**Exercise aim**
Write out the entries below exactly, but only from the line containing "本周海外融资事件的融资规模主" through the line containing "The building’s exterior", and without the pictures.

**Dataset excerpts**
*** Begin section ***
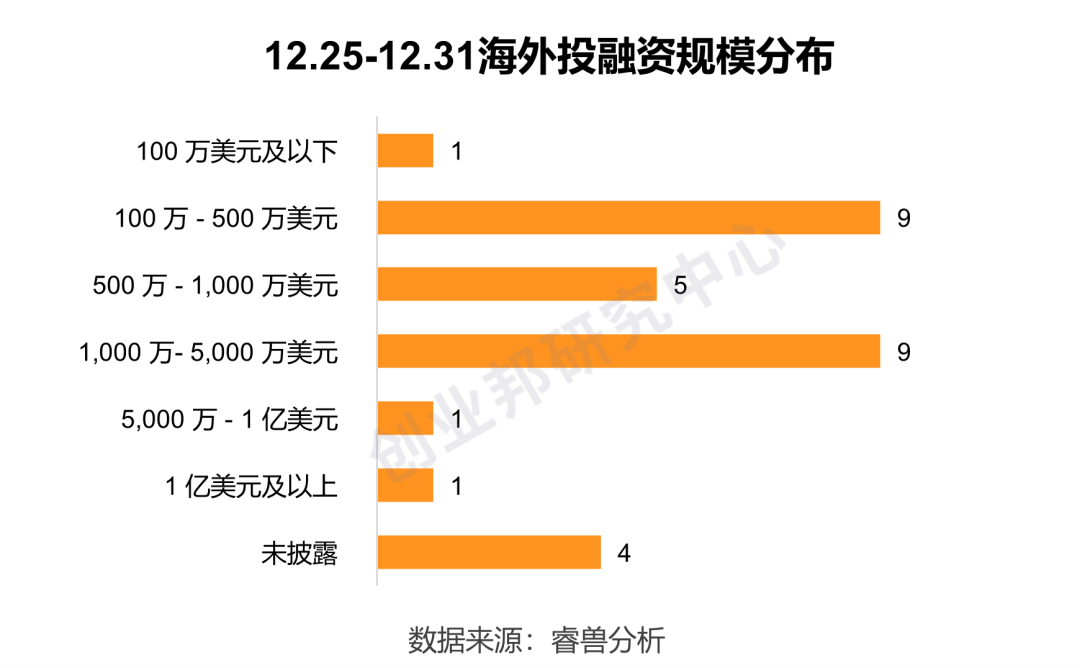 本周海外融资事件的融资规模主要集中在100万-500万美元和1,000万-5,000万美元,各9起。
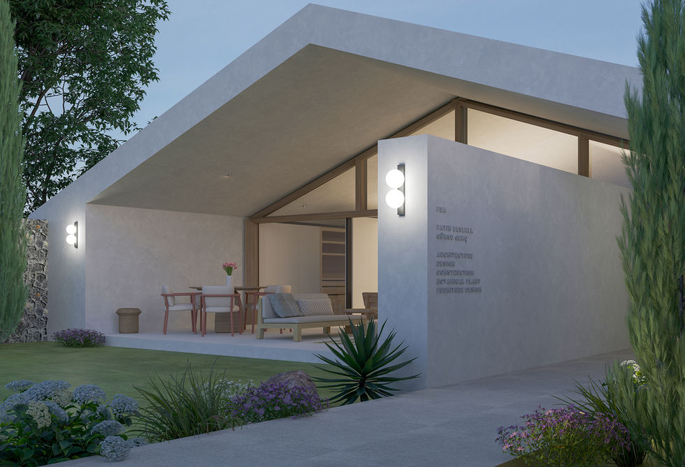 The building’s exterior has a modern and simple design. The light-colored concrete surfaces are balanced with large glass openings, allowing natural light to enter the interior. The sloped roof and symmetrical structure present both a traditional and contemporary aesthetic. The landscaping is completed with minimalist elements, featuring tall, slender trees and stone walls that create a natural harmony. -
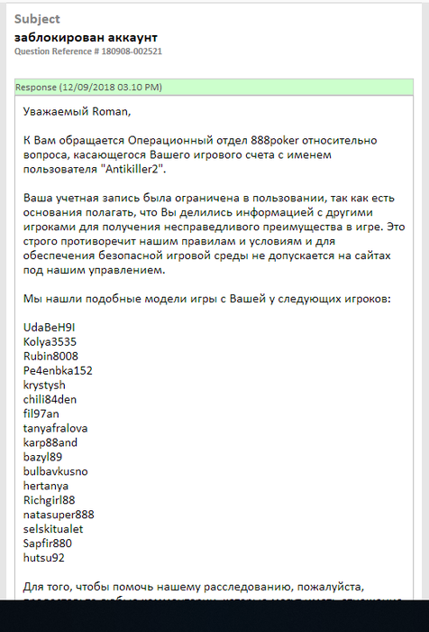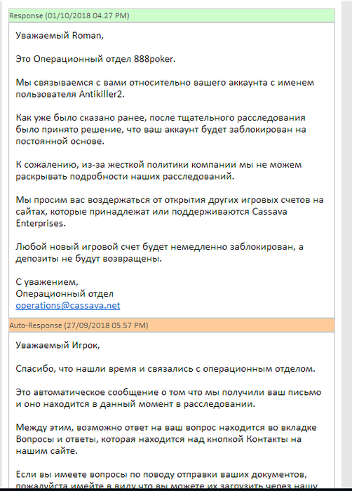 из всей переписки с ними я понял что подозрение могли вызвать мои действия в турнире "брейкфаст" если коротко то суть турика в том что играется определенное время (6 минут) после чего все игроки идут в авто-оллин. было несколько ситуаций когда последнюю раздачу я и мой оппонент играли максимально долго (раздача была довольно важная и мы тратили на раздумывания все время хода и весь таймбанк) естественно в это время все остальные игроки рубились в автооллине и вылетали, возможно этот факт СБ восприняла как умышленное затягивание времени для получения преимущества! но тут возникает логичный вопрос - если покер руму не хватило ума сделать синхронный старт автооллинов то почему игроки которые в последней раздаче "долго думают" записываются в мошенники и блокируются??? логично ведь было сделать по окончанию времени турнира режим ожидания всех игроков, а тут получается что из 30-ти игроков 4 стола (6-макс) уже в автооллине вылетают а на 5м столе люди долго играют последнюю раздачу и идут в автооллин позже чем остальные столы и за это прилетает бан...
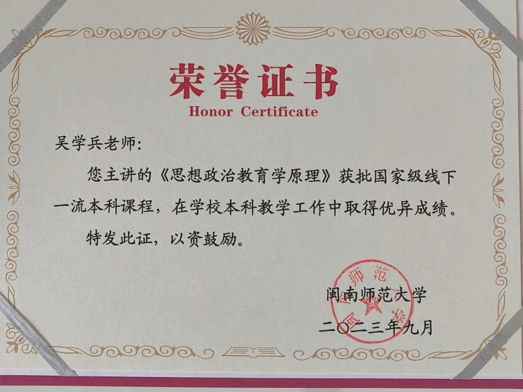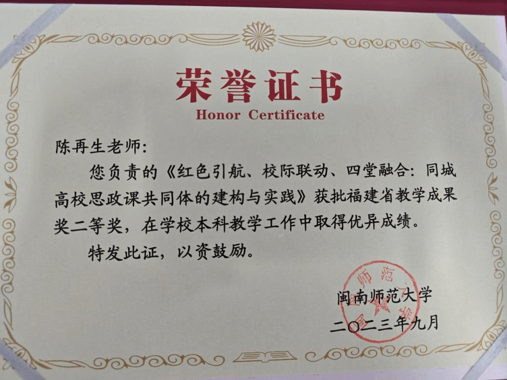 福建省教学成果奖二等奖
*** End section ***
*** Begin section ***
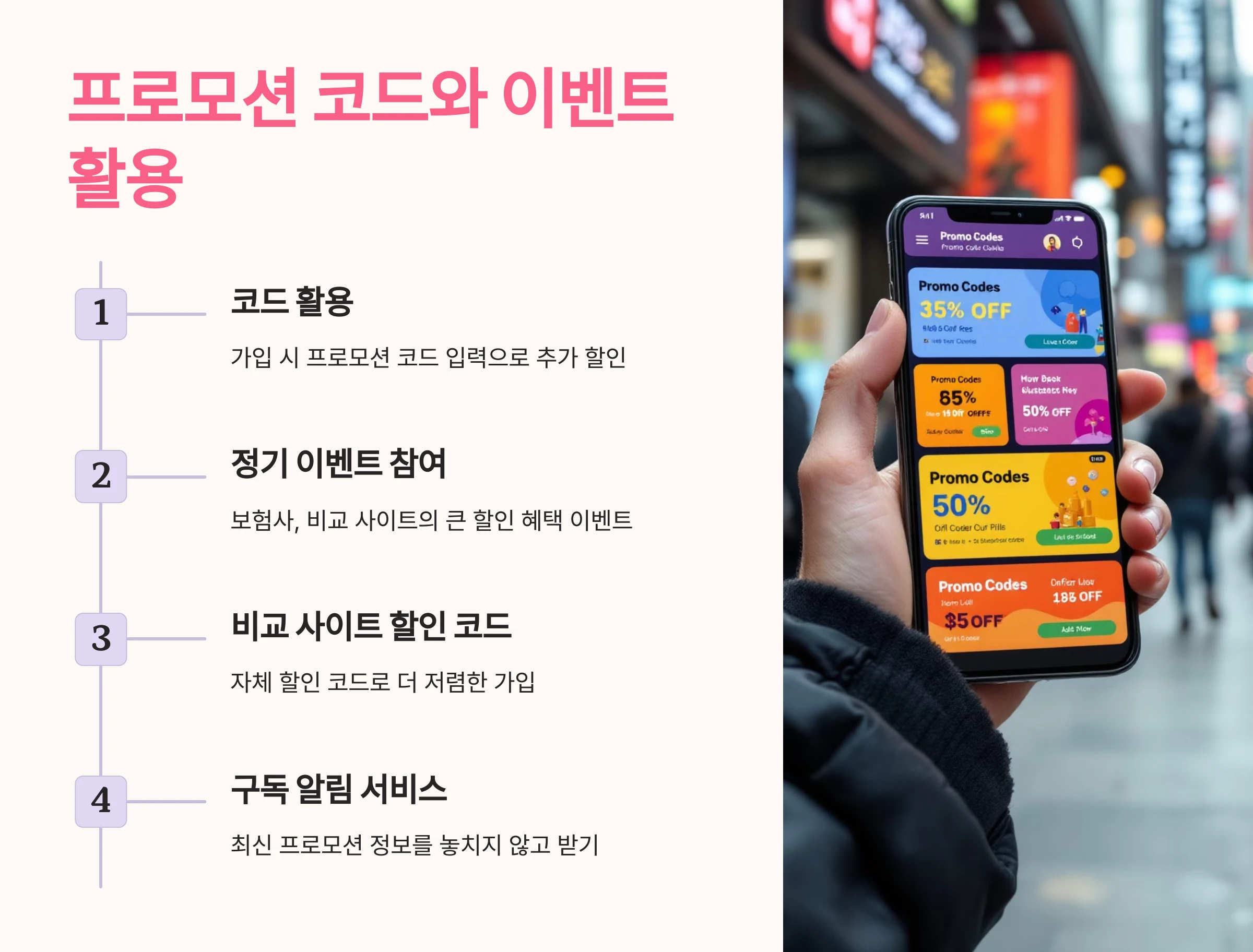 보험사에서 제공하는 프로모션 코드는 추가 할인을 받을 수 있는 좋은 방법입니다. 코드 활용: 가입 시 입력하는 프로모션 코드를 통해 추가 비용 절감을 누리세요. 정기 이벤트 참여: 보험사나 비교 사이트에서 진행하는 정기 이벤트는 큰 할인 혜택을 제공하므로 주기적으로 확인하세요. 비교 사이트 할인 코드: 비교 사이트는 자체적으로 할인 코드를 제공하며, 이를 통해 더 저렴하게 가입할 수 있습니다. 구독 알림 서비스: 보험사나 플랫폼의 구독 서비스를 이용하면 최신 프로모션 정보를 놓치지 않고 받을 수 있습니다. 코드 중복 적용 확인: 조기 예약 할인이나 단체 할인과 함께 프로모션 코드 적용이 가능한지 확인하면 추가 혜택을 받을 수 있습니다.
*** End section ***
**Answer**
 本周海外融资事件的融资规模主要集中在100万-500万美元和1,000万-5,000万美元,各9起。
 The building’s exterior has a modern and simple design. The light-colored concrete surfaces are balanced with large glass openings, allowing natural light to enter the interior. The sloped roof and symmetrical structure present both a traditional and contemporary aesthetic. The landscaping is completed with minimalist elements, featuring tall, slender trees and stone walls that create a natural harmony. -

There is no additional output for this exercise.